In the above command, sort -k3 -nr sorts in descending order by the third column (request duration). -k3 means sort by the third column, -n means numeric sort, and -r means reverse (descending) order. Then, head -n 10 gets the first 10 lines after sorting, i.e., the 10 records with the highest duration. Replace logfile with the actual log file path.

If the CPU usage reaches 100%, what is your troubleshooting approach?

The approach is as follows:

  • First, use the top command to identify the process with high CPU usage.
  • Then, use the ps -T -p <process_id> command to find the thread with high CPU usage within that process.
  • Then, use the jstack command to view the stack trace of that thread.
  • Based on the output stack trace, locate the corresponding code in the project to check if there is an infinite loop causing the CPU to reach 100%.

MySQL

What are the different storage engines in MySQL, and what are their differences?

MySQL storage engines

  • InnoDB: The default storage engine in MySQL. It supports transactions, row-level locking, and foreign key constraints. It uses a clustered index approach for data organization and offers good concurrency performance and data integrity. Suitable for most application scenarios.
  • MyISAM: An older storage engine in MySQL. It does not support transactions or row-level locking but offers high insert and query speeds. It uses table-level locking.

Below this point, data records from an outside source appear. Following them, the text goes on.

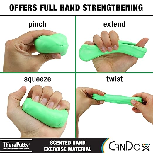 CanDo® Theraputty® hand exercise material is the standard in resistive hand exercise material. Each color-coded putty has a different consistency ranging from xx-soft for strengthening the weakest grasp to extra-firm for developing a stronger grip.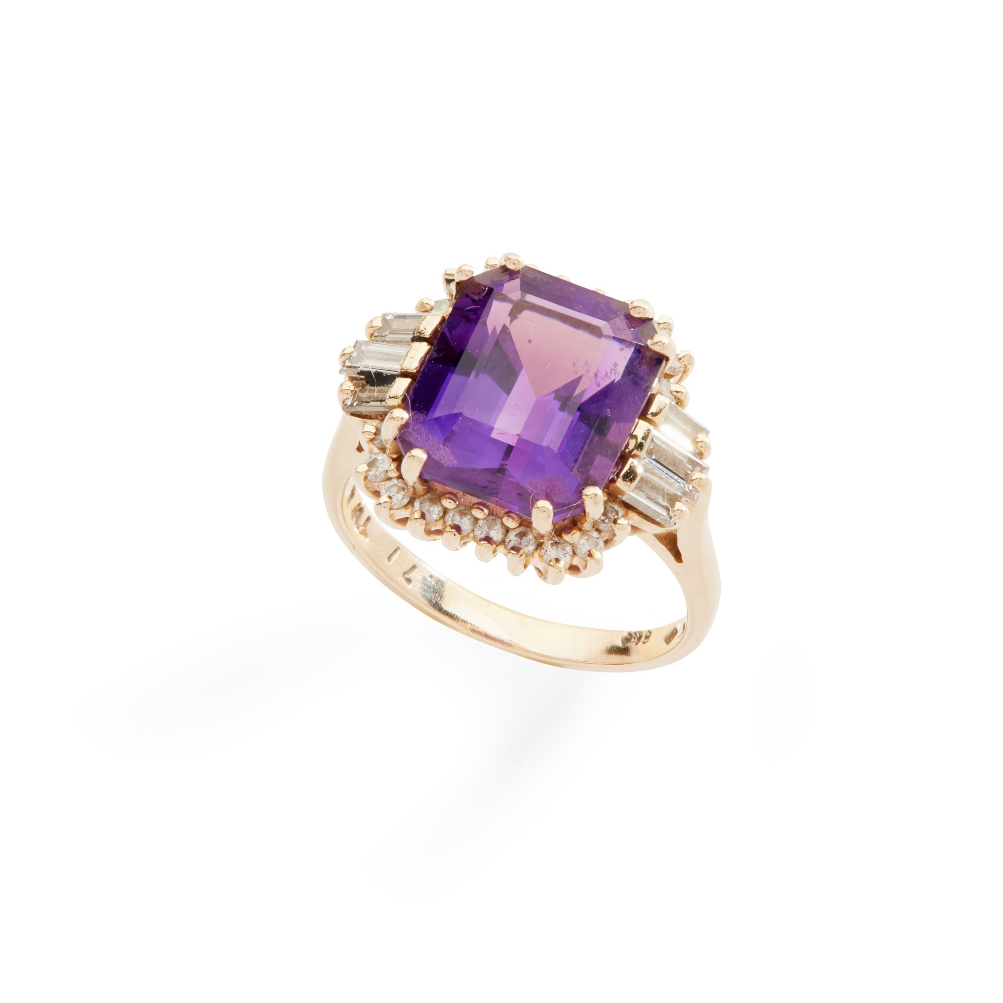 claw-set with a cut-cornered rectangular-cut amethyst in a border of round brilliant and baguette-cut diamonds, stamped 14k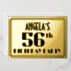 The front of this stylish fifty-sixth birthday celebration foil invitation card design features an editable name, an art deco style inspired number “56th”, the message “BIRTHDAY PARTY”, and a border pattern consisting of lines. The back features personalised details about the event, such as the place/venue, date, time, and any other information that may be important. Luxurious, stylish, customisable invitations like these might be used to invite attendees to a birthday gathering being held to honour somebody’s 56th birthday. [~Z0000606]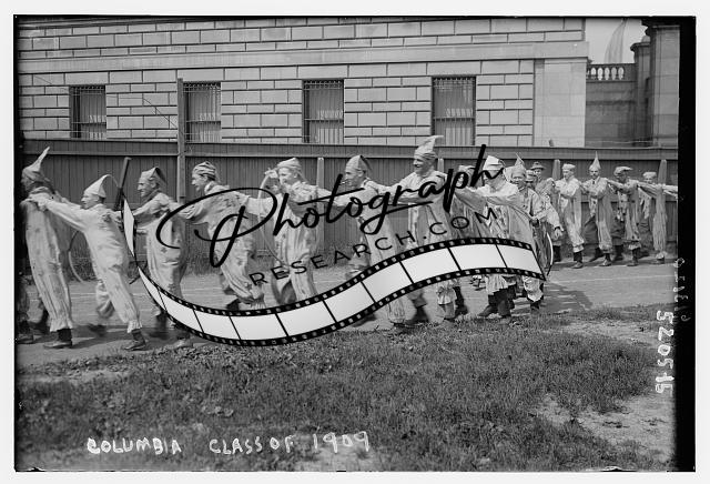 Columbia Class,1909,costumes,lines,groups,men,graduates,portraits,buildings

Suitable for read-intensive applications such as data warehouses and logs.
  • Memory: Also known as the Heap storage engine. It stores data in memory, resulting in very fast read and write speeds, but data is lost when the server shuts down. Suitable for scenarios requiring fast read and write access, such as temporary tables and caches.

What are the isolation levels in MySQL?

  • Read Uncommitted: Changes made by a transaction can be seen by other transactions even before the transaction is committed.
  • Read Committed: Changes made by a transaction can only be seen by other transactions after the transaction is committed.
  • Repeatable Read: The data seen by a transaction during its execution is consistent with the data seen when the transaction started. This is the default isolation level of MySQL InnoDB engine.
  • Serializable: Read and write locks are placed on records. When multiple transactions perform read and write operations on the same record, if a read-write conflict occurs, the later transaction must wait for the earlier transaction to complete before it can continue.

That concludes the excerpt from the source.